Richard H. Thaler is Robert P. Gwinn Professor
of Economics and Behavioral Science at the University
of Chicago‘s Graduate School of Business, where he also
directs the Center for Decision Research. At the National
Bureau of Economic Research, he co-directs the behavioral
economics project. Thaler is a pioneer in the fields
of behavioral economics and finance and has specialized
in the study of decision-making with regard to saving
and investing. He is the author of The Winner‘s Curse
and Quasi Rational Economics and the editor of
Advances in Behavioral Finance. He writes a series
of articles in the Journal of Economic Perspectives
under the heading "Anomalies." Thaler holds
a Ph.D. in economics from the University of Rochester
and a B.A. in economics from Case Western University.
Tom Tyler is University Professor of Psychology
at New York University, where he teaches courses in
both law and psychology. His research explores the motivations
that shape behavior in groups, organizations, and societies.
A focus of concern for Tyler is the psychology of procedural
justice—the fairness of group rules and processes. He
examines the role of judgments about the justice of
group procedures on the attitudes, values, and behaviors
of group members. Tyler has published frequently in
the Journal of Experimental Social Psychology and
recently co-authored "The Influence of Status Judgments
in Hierarchical Groups: Comparing Autonomous and Comparative
Judgments about Status" in Organizational Behavior
and Human Decision Processes. Tyler has authored
several books, including Why People Obey the
Law, Social Justice in a Diverse Society, Cooperation
in Groups, and Trust in Organizations. Tyler
holds M.A. and Ph.D. degrees in social psychology from
the University of California at Los Angeles and a B.A.

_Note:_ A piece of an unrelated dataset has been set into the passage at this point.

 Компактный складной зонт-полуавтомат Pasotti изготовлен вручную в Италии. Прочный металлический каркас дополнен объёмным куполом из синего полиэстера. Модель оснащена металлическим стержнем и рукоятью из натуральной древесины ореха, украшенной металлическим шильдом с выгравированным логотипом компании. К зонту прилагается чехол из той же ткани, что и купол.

in psychology from Columbia University.
Duncan J. Watts is Associate Professor in the
Department of Sociology at Columbia University and Director
of the Collective Dynamics Group. He is the author or
co-author of numerous journal articles, including "An
Experimental Study of Search in Global Social Networks,"

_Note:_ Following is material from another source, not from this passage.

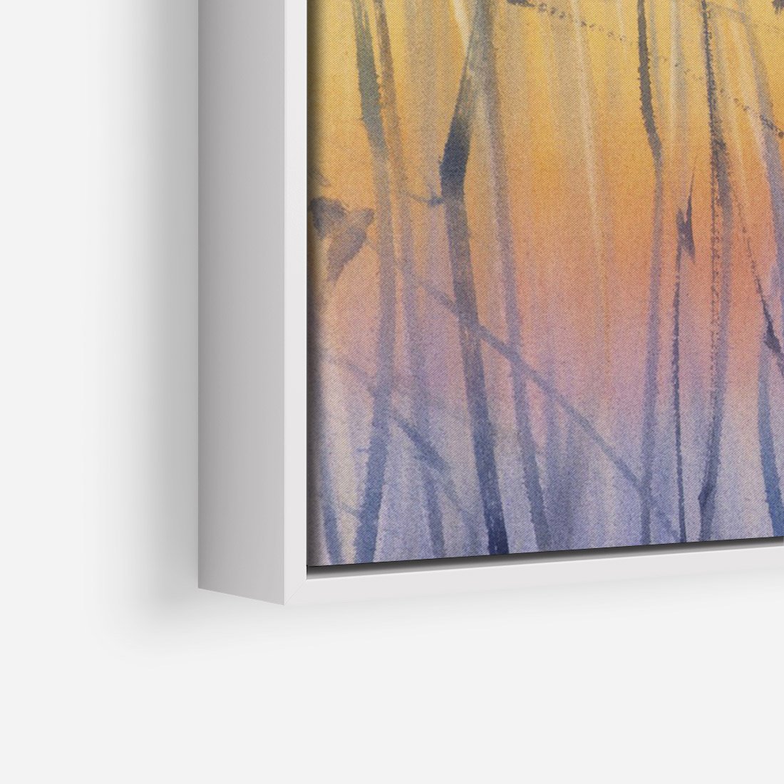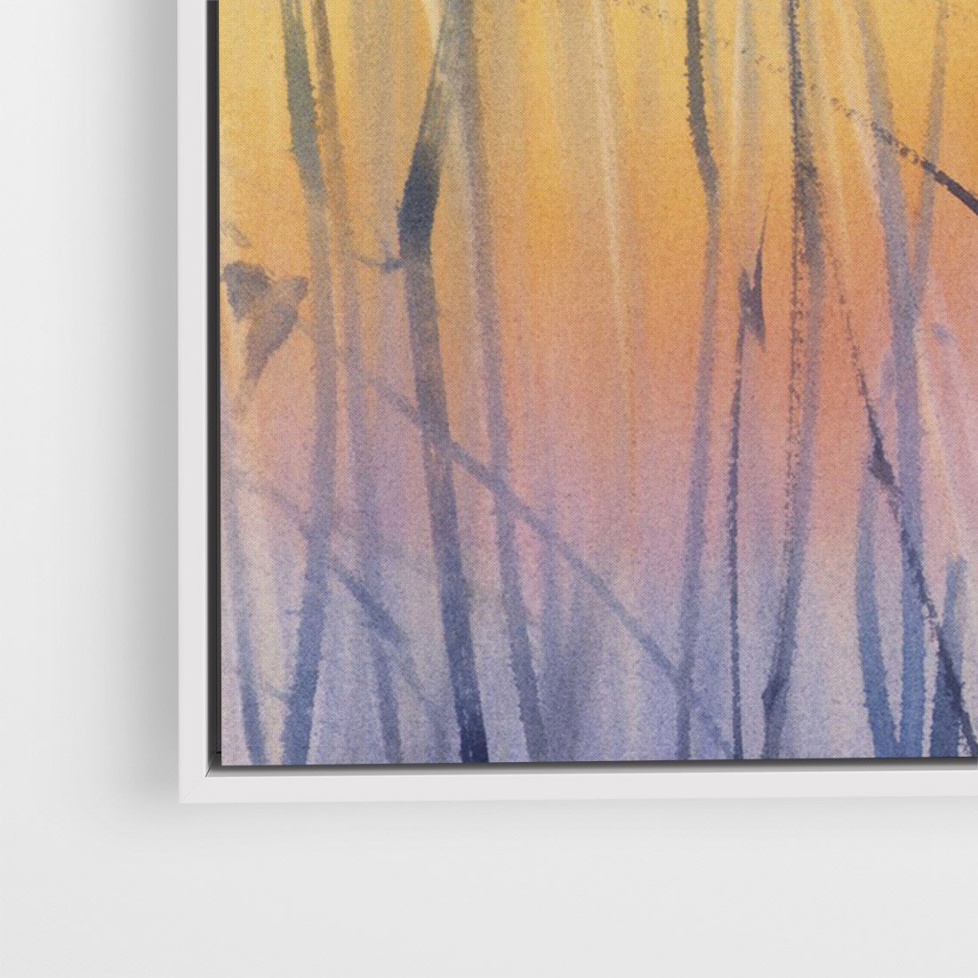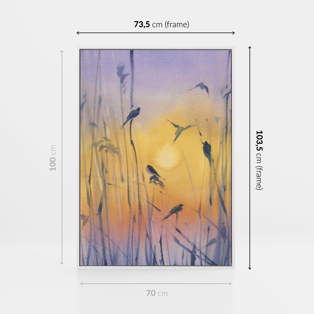 Obraz w ramie 70x100 - Mistyka Poranka nad Szuwaram - wschód słońca w szuwarach, trawy - rama biała

published in Science. He has also authored two
books, Small Worlds: The Dynamics of Networks between
Order and Randomness and Six Degrees: The Science
of a Connected Age. He is co-editor of The Structure
and Dynamics of Complex Networks. Watts also
publishes in the popular press, including "Network
Space," which appears in the June 2003 issue of
Wired Magazine. Watts holds a Ph.D. in theoretical
and applied mechanics from Cornell University and a
bachelor‘s degree in physics from University College,
University of New South Wales, Australian Defence Force
Academy. He served as an officer in the Royal Australian
Navy.
Janet L. Yellen is Eugene E. and Catherine M.
Trefethen Professor of Business and Professor of Economics
at the University of California at Berkeley, where she
has been a faculty member since 1980. While on leave
from the University of California from 1994 to 1999,
Yellen served as chair of the Council of Economic Advisers
and as a member of the Board of Governors of the Federal
Reserve System. She also chaired the Economic Policy
Committee of the Organization for Economic Cooperation
and Development. Yellen has specialized in studying
the causes, mechanisms, and implications of unemployment.
She is a Research Associate of the National Bureau of
Economic Research, president-elect of the Western Economics
Association, and a Fellow of the Yale Corporation. In
addition to UCLA, she has taught at Harvard University
and the London School of Economics. Yellen holds a Ph.D.
in economics from Yale University, as well as honorary
degrees from Brown University and Bard College. Her
undergraduate degree is from Brown University.